The full trace back is:

Traceback (most recent call last):
  File "/Users/user/PycharmProjects/Post-Translational-Modification-                
Prediction/pred.py", line 244, in <module>
y.generate_pca()
  File "/Users/user/PycharmProjects/Post-Translational-Modification-
Prediction/pred.py", line 222, in generate_pca
plt.scatter(X_reduced[:, 0], X_reduced[:, 1], c=y, cmap='RdBu')
File "/usr/local/lib/python3.5/site-packages/matplotlib/pyplot.py", 
line 3435, in scatter
edgecolors=edgecolors, data=data, **kwargs)
File "/usr/local/lib/python3.5/site-packages/matplotlib/__init__.py", 
line 1892, in inner
return func(ax, *args, **kwargs)
File "/usr/local/lib/python3.5/site-packages/matplotlib/axes/_axes.py", line 3976, in scatter
c_array = np.asanyarray(c, dtype=float)
File "/usr/local/lib/python3.5/site-packages/numpy/core/numeric.py", line 583, in asanyarray
return array(a, dtype, copy=False, order=order, subok=True)
TypeError: float() argument must be a string or a number, not 'Pred'

Solution

  • The suggested fix by @WhoIsJack is to add np.arange(len(self.features))

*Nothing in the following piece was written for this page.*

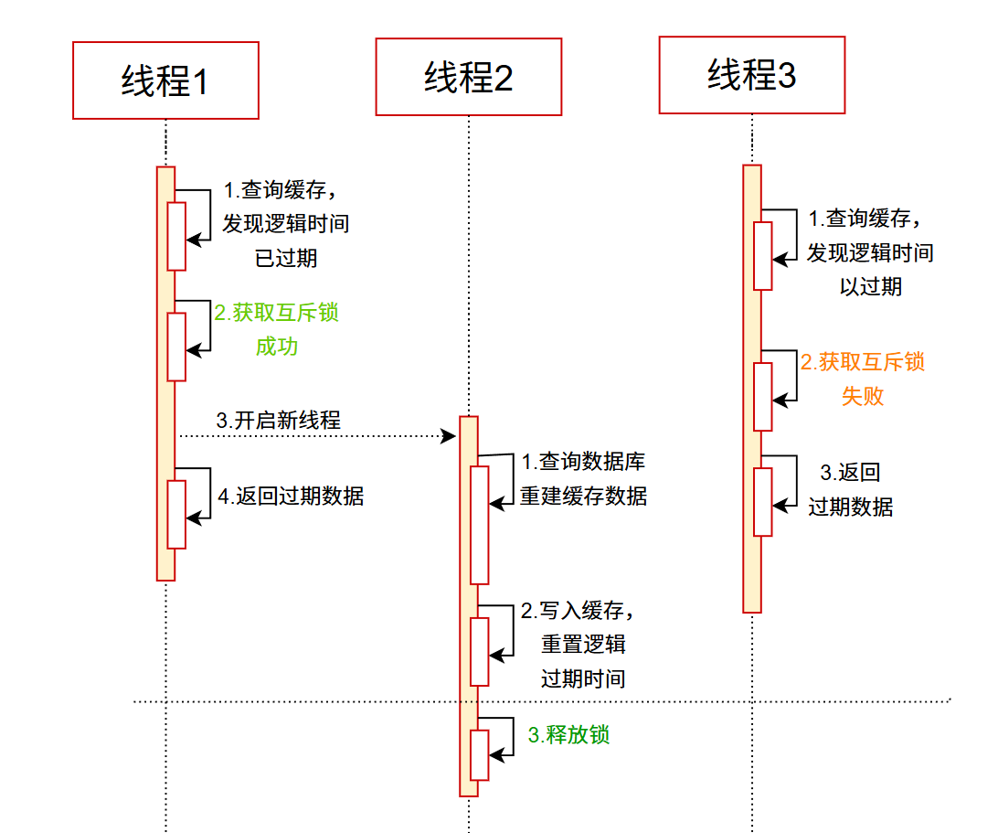 开启一个线程池,命名为CACHE_REBUILD_EXECUTOR,如果直接创建一个线程用来缓存重构的话,后续线程的销毁和再次重建需要消耗更多性能。

    The functional code for those who run into similar issues is:

    def generate_pca(self):
        y= np.arange(len(self.features))
        pca = PCA(n_components=2)
        x_np = np.asarray(self.features)
        pca.fit(x_np)
        X_reduced = pca.transform(x_np)
        plt.figure(figsize=(10, 8))
        plt.scatter(X_reduced[:, 0], X_reduced[:, 1], c=y, cmap='RdBu')
        plt.xlabel('First component')
        plt.ylabel('Second component')
        plt.show()